### Task description
In this exercise, print only the lines of the records below from the one with "Rajd rowerowy zakończył" through the one with "- Protect your", inclusive. Pictures are not part of the copy.

### Input data
• • • •
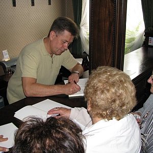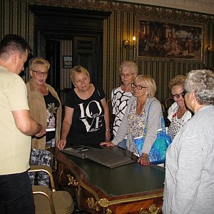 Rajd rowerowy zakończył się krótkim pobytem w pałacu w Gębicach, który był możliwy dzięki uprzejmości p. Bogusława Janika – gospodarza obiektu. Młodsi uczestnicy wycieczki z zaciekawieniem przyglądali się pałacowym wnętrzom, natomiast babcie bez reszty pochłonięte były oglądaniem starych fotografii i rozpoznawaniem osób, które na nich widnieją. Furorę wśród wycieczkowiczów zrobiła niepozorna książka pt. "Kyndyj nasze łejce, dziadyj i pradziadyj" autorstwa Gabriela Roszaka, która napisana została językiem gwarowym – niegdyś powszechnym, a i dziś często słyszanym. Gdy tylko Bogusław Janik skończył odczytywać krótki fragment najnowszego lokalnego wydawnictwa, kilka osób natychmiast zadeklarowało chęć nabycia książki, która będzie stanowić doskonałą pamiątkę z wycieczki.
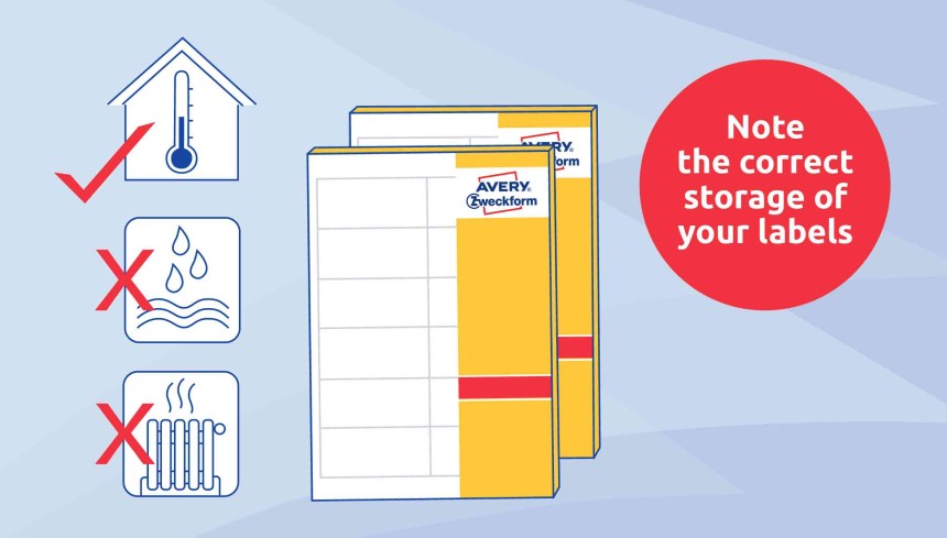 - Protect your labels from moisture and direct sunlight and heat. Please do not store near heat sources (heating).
• • • •
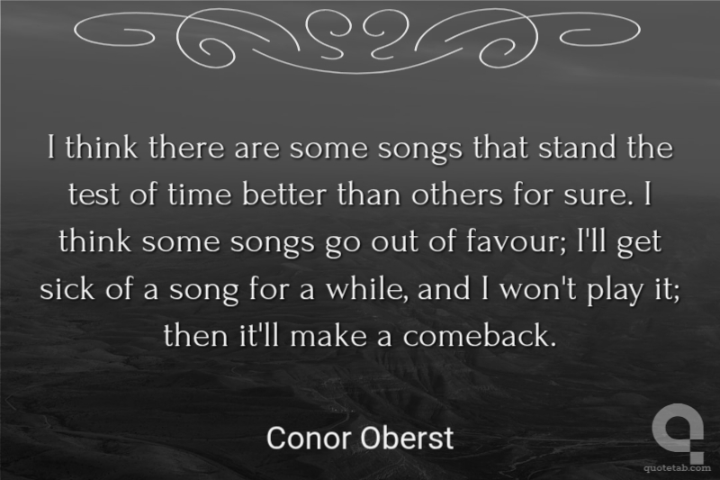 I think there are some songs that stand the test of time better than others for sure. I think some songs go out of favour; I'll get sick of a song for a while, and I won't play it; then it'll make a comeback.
• • • •
### Answer to this problem
 Rajd rowerowy zakończył się krótkim pobytem w pałacu w Gębicach, który był możliwy dzięki uprzejmości p. Bogusława Janika – gospodarza obiektu. Młodsi uczestnicy wycieczki z zaciekawieniem przyglądali się pałacowym wnętrzom, natomiast babcie bez reszty pochłonięte były oglądaniem starych fotografii i rozpoznawaniem osób, które na nich widnieją. Furorę wśród wycieczkowiczów zrobiła niepozorna książka pt. "Kyndyj nasze łejce, dziadyj i pradziadyj" autorstwa Gabriela Roszaka, która napisana została językiem gwarowym – niegdyś powszechnym, a i dziś często słyszanym. Gdy tylko Bogusław Janik skończył odczytywać krótki fragment najnowszego lokalnego wydawnictwa, kilka osób natychmiast zadeklarowało chęć nabycia książki, która będzie stanowić doskonałą pamiątkę z wycieczki.
 - Protect your labels from moisture and direct sunlight and heat. Please do not store near heat sources (heating).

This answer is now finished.